Father Charles Brandt is ninety three years old and lives in a hermitage that is a quarter mile from the road in a dense woods about a stones throw from the Oyster River.  We became interested in doing a documentary on Father Charles when a friend of ours, Anne Davies told us about his unique existence in the woods of Vancouver Island. We were interested in exploring why someone would choose this solitary life and how his commitment to meditation, contemplation, and achieving a certain stillness in his life could help us cope with the incessant chatter of technology.

Father Charles Brandt Hermitage
During our first meeting with Father Charles we decided that the initial interviews would cover the biographical details of his life and then as we grew more comfortable we could begin to ask the important "why?" questions.


Interviewing Father Charles
We used a technique where by a half silvered mirror was placed in front of the camera lens at a forty-five degree angle.  Anita Clearfield, who is interviewing Father Charles is reflected in the mirror allowing Father Charles to look directly in the lens while still maintaining eye contact with Anita. The benefit to this is to have Charles look directly at the viewer rather than the viewer being a third party who is eavesdropping on a conversation.  

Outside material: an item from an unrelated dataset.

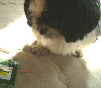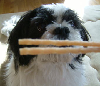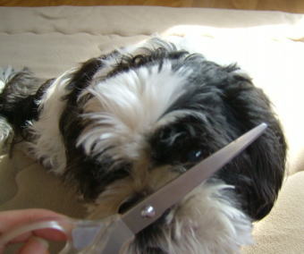 『このハサミで切るのか?これは、いつものハサミじゃないな??』 はっ!!バレたっ!!! 1階までカット用のハサミを取りに行くのがメンドーだったため(←チームものぐさ:只今メンバー独りきり。随時募集中!)、普通の紙きりハサミで切ろうとしたわたし。普段のハサミなら「スンスン」くらいの確認で終わるのに、今回は長いことニオイを嗅いでおられました。 さて、カット開始! チョキチョキ・・・チョキチョキ・・・・・(あ、こっちが短い:心の声)・・・・・チョキチョキ・・・・・・「動かないでね。ここ切るよ~」←コタしゃんへの呼びかけ・・・・・チョキチョキ・・・・・・・(あ、やば、切りすぎて変な顔になっちった。まぁいっか。わたしの顔じゃないしぃ)・・・・・・・チョキチョキ・・・・・・。 と、こんな感じでカットします。1分もすれば飽きちゃうコタしゃん。モジモジするものの「危ないから動かないで」と言うと、じーっとします。 そして、かわいい顔に仕上げようとがんばるものの、途中でわたしも飽きます。 たまにすごいやつれた顔に仕上がることもあるけど、そこは本人の可愛らしさでカバーしてもらうことにしています。 カットが終わると、ご褒美タイム。 さて、ジャーキーをどうぞ。
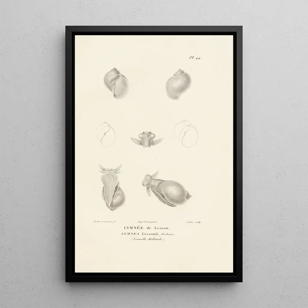 Kunsttrykket af Centurie zoologique Pl44 skiller sig ud med sin livlige og detaljerede tilgang til den eksotiske fauna. Hvert dyr er gengivet med bemærkelsesværdig præcision, hvilket fremhæver de klare farver og de varierede teksturer i deres pels eller fjerdragt. René Primevère Lesson's værk udstråler en atmosfære af forundring og inviterer til en visuel udforskning af naturens vidundere. Teknikken med gravering, kombineret med en skarp sans for detaljer, skaber en fuldstændig fordybelse i dette fascinerende dyreunivers.

We interviewed Father Charles for about forty minutes the first day, taking us through his early years and into college.




Sunday, April 26, 2015

Political Boundries

April 24
We flew into Vancouver airport at around four o'clock today.  As we passed through customs Anita and I were waved through with our carts piled high with production equipment.  Shannon was pulled out of the line and was whisked away into a Immigration's warren of offices.  Anita and I were left in the large waiting area as Shannon went through an awful ordeal.  It seems that the authorities were convinced that Shannon was getting paid to work in Canada - this is illegal as the assumption is that any money she makes is taking a job away from Canadian citizens.  The authorities took away her phone and computer, scanned them for incriminating e-mails and messages, and then interrogated her for two hours.  The woman who was her interrogator was totally convinced that Shannon was here to make a documentary and was somehow getting paid to do it (anyone who makes documentaries knows how foolish that assumption was) and produced e-mails from us to Shannon about the logistics of the trip where we talked about paying for her ticket to Vancouver.  In the end they ended up calling us and we verified everything that Shannon had said and she was released.
I guess what bothers me the most is the powerlessness that we have in situations like this - our reasoning, negotiating and verbal skills mean nothing against someone who is so convinced of a person's guilt.  It also makes me think of the many parts of the world where this kind of interrogation and abuse are daily occurrences - I am particularly thinking of the Palestinians who must wait in lines for hours to pass check points - never knowing whether they will get to the work or back to their families.  We are privileged Americans and we can be overwhelmed by the system - imagine those who are poor and don't know the language who are routinely abused by the protectors of our political and economic borders.